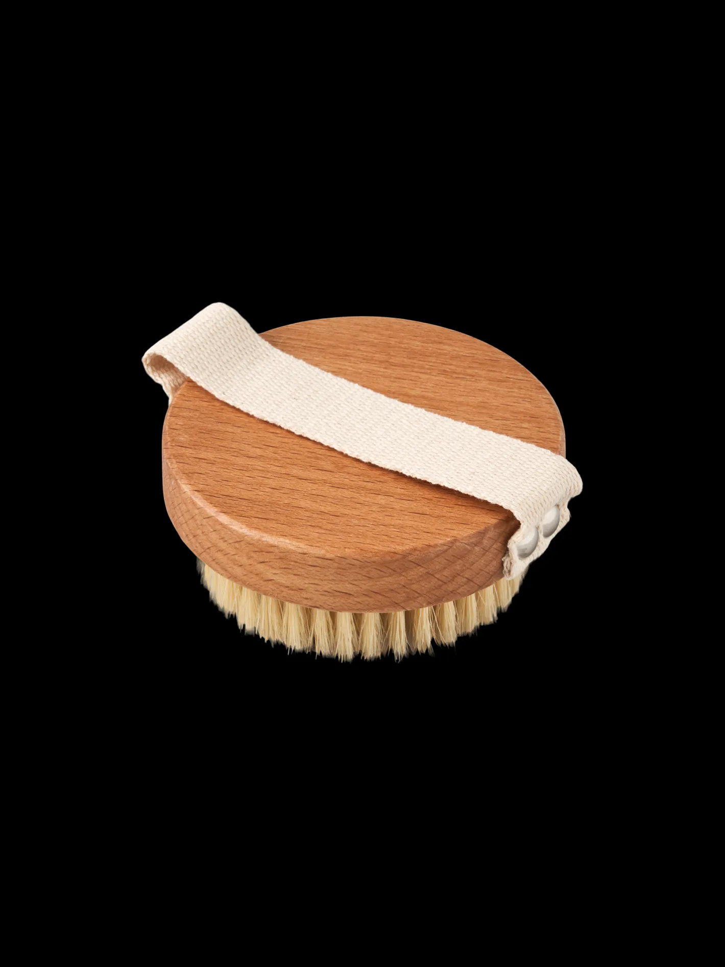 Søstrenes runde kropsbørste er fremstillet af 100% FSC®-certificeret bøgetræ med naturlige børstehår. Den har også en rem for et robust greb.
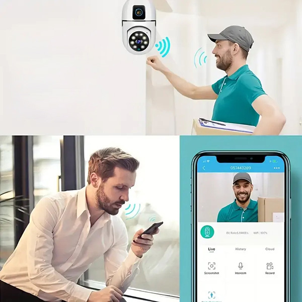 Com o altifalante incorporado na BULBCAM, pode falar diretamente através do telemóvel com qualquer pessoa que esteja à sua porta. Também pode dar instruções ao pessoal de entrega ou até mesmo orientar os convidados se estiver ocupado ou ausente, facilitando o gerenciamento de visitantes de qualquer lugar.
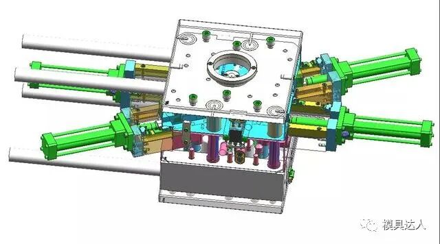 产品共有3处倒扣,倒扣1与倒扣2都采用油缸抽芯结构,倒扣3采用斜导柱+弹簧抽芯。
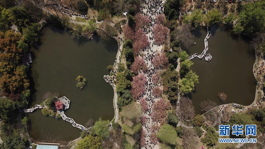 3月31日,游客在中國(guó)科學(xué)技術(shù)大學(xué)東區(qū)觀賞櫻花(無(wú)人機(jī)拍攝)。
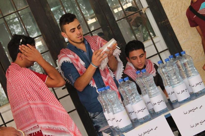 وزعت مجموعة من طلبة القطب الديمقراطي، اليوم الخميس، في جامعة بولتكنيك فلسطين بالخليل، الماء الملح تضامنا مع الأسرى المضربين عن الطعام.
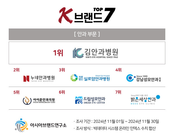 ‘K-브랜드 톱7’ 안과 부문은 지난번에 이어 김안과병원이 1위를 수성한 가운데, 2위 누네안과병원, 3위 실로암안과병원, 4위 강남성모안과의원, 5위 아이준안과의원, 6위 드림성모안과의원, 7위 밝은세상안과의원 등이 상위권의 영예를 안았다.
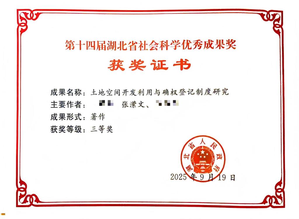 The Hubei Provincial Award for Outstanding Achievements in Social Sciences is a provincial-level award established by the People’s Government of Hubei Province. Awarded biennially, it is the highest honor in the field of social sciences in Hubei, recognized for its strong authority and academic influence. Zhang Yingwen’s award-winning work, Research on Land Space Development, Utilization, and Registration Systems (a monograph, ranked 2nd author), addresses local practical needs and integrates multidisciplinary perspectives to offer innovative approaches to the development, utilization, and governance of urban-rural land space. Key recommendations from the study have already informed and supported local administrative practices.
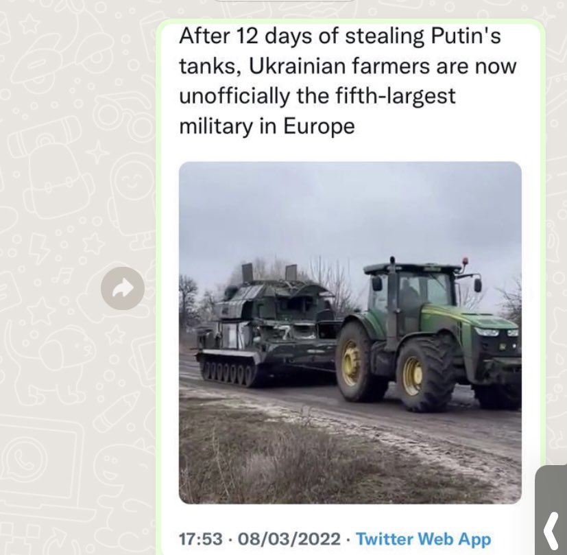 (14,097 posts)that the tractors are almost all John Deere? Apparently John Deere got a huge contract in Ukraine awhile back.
═══
What you are asked to do: The records above should be repeated exactly, with no pictures in the copy.

Output below:
 Søstrenes runde kropsbørste er fremstillet af 100% FSC®-certificeret bøgetræ med naturlige børstehår. Den har også en rem for et robust greb.
 Com o altifalante incorporado na BULBCAM, pode falar diretamente através do telemóvel com qualquer pessoa que esteja à sua porta. Também pode dar instruções ao pessoal de entrega ou até mesmo orientar os convidados se estiver ocupado ou ausente, facilitando o gerenciamento de visitantes de qualquer lugar.
 产品共有3处倒扣,倒扣1与倒扣2都采用油缸抽芯结构,倒扣3采用斜导柱+弹簧抽芯。
 3月31日,游客在中國(guó)科學(xué)技術(shù)大學(xué)東區(qū)觀賞櫻花(無(wú)人機(jī)拍攝)。
 وزعت مجموعة من طلبة القطب الديمقراطي، اليوم الخميس، في جامعة بولتكنيك فلسطين بالخليل، الماء الملح تضامنا مع الأسرى المضربين عن الطعام.
 ‘K-브랜드 톱7’ 안과 부문은 지난번에 이어 김안과병원이 1위를 수성한 가운데, 2위 누네안과병원, 3위 실로암안과병원, 4위 강남성모안과의원, 5위 아이준안과의원, 6위 드림성모안과의원, 7위 밝은세상안과의원 등이 상위권의 영예를 안았다.
 The Hubei Provincial Award for Outstanding Achievements in Social Sciences is a provincial-level award established by the People’s Government of Hubei Province. Awarded biennially, it is the highest honor in the field of social sciences in Hubei, recognized for its strong authority and academic influence. Zhang Yingwen’s award-winning work, Research on Land Space Development, Utilization, and Registration Systems (a monograph, ranked 2nd author), addresses local practical needs and integrates multidisciplinary perspectives to offer innovative approaches to the development, utilization, and governance of urban-rural land space. Key recommendations from the study have already informed and supported local administrative practices.
 (14,097 posts)that the tractors are almost all John Deere? Apparently John Deere got a huge contract in Ukraine awhile back.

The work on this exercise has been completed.